● **Instructions to follow**
In the entries below, find the line containing "Dispenserul din plastic" and the line containing "Koncert bo v". Copy those two lines and everything between them exactly, without the pictures.

● **Information shown**

-=-=-=-=-

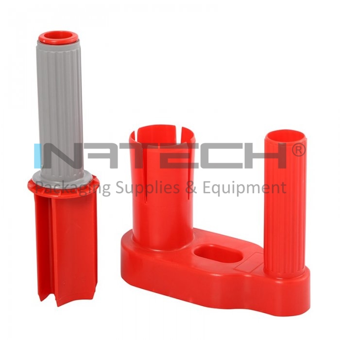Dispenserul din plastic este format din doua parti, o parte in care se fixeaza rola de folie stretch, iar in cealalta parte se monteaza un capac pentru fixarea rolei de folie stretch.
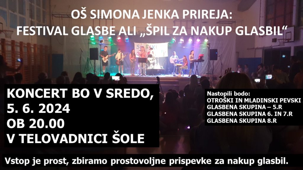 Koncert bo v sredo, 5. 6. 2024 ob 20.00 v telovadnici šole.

-=-=-=-=-

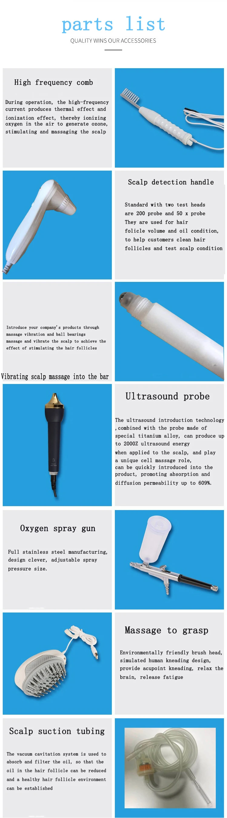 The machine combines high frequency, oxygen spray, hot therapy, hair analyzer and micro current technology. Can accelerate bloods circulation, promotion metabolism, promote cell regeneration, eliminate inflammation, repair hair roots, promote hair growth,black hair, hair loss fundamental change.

-=-=-=-=-

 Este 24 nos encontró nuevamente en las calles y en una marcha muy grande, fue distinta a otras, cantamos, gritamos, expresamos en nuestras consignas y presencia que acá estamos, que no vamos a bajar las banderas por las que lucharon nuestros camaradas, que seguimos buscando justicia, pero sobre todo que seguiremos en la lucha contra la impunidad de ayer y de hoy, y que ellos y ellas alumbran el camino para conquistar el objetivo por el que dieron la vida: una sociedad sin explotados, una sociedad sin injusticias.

-=-=-=-=-

● **Output of the task**
Dispenserul din plastic este format din doua parti, o parte in care se fixeaza rola de folie stretch, iar in cealalta parte se monteaza un capac pentru fixarea rolei de folie stretch.
 Koncert bo v sredo, 5. 6. 2024 ob 20.00 v telovadnici šole.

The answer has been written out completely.